Cesium lead iodide (CsPbI₃) with a bandgap of ~1.7 eV is an attractive material for use as a wide-gap perovskite in tandem perovskite solar cells due to its single halide component, which is capable of inhibiting halide segregation. However, phase transition into a photo inactive δ-CsPbI₃ at room temperature significantly hinders performance and stability. Thus, maintaining the photo-active phase is a key challenge because it determines the reliability of the tandem device. The dimethylammonium (DMA)-facilitated CsPbI₃, widely used to fabricate CsPbI₃, exhibits different phase transition behaviors than pure CsPbI₃. Here, we experimentally investigated the phase behavior of DMA-facilitated CsPbI₃ when exposed to external factors, such as heat and moisture.

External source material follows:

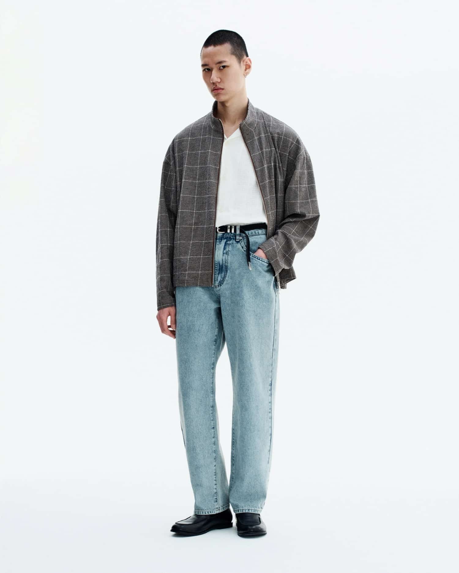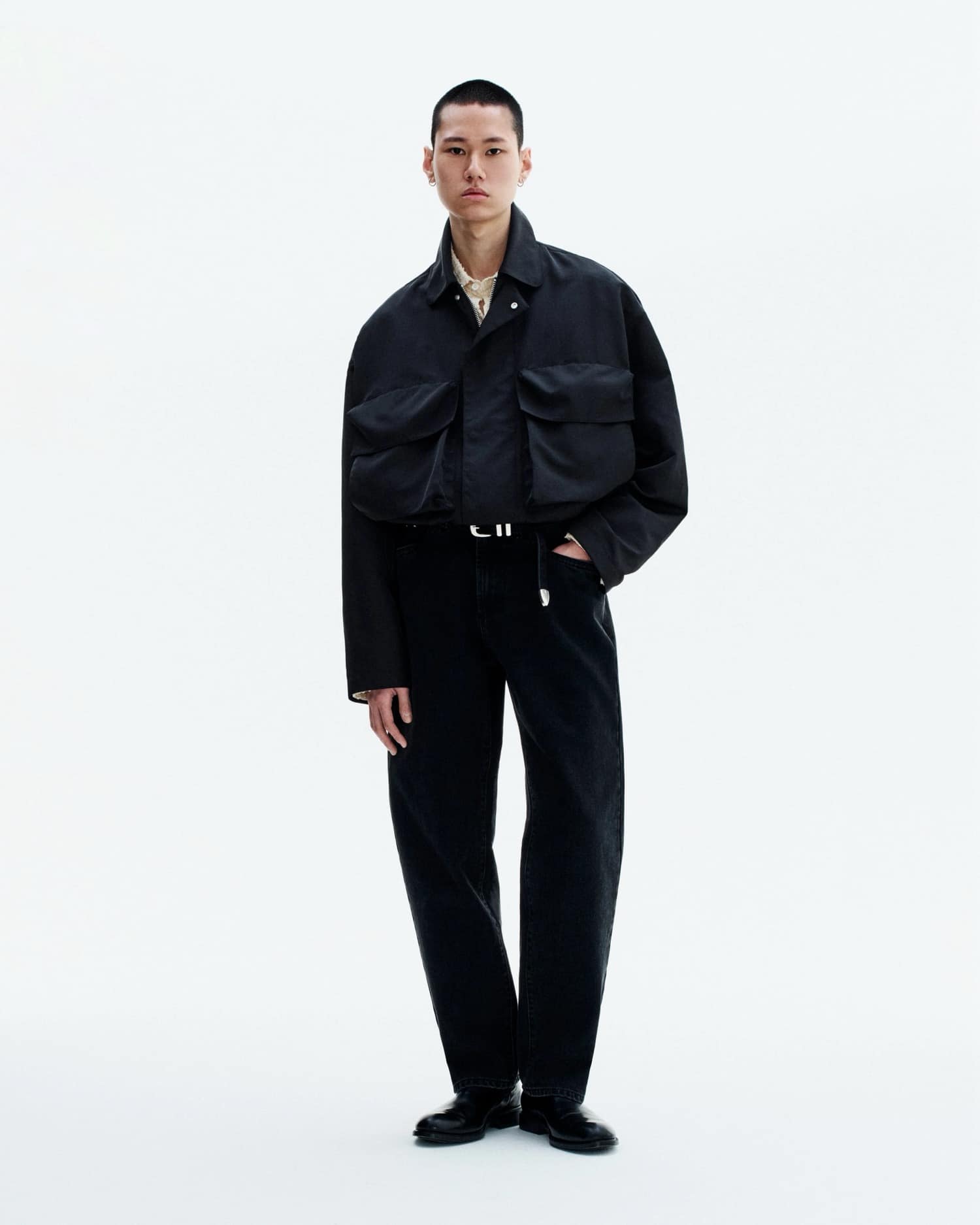 Sezon otwiera kurtka skórzana Cropped Leather Racer. Krótka, precyzyjna, bez kompromisów. Towarzyszą jej koszule w seersucker, poplin i skrętnym splocie – wszystkie w charakterystycznym dla marki pudełkowym kroju.
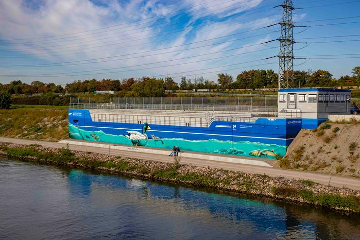 Das Bauwerk von der Emschergenossenschaft Lippeverband befindet sich in Oberhausen zwischen der Emscher und dem Rhein-Herne-Kanal.

In DMA-facilitated CsPbI₃ films, the phase transition involving degradation was observed to begin at a temperature of 150 ℃ and a relative humidity of 65 %, which is presumed to be related to the sublimation of DMA. Forming a closed system to inhibit the sublimation of DMA significantly improved the phase transition under the same conditions. These results indicate that management of DMA is a crucial factor in maintaining the photo-active phase and implies that when employing DMA designs are necessary to ensure phase stability in DMA-facilitated CsPbI₃ devices.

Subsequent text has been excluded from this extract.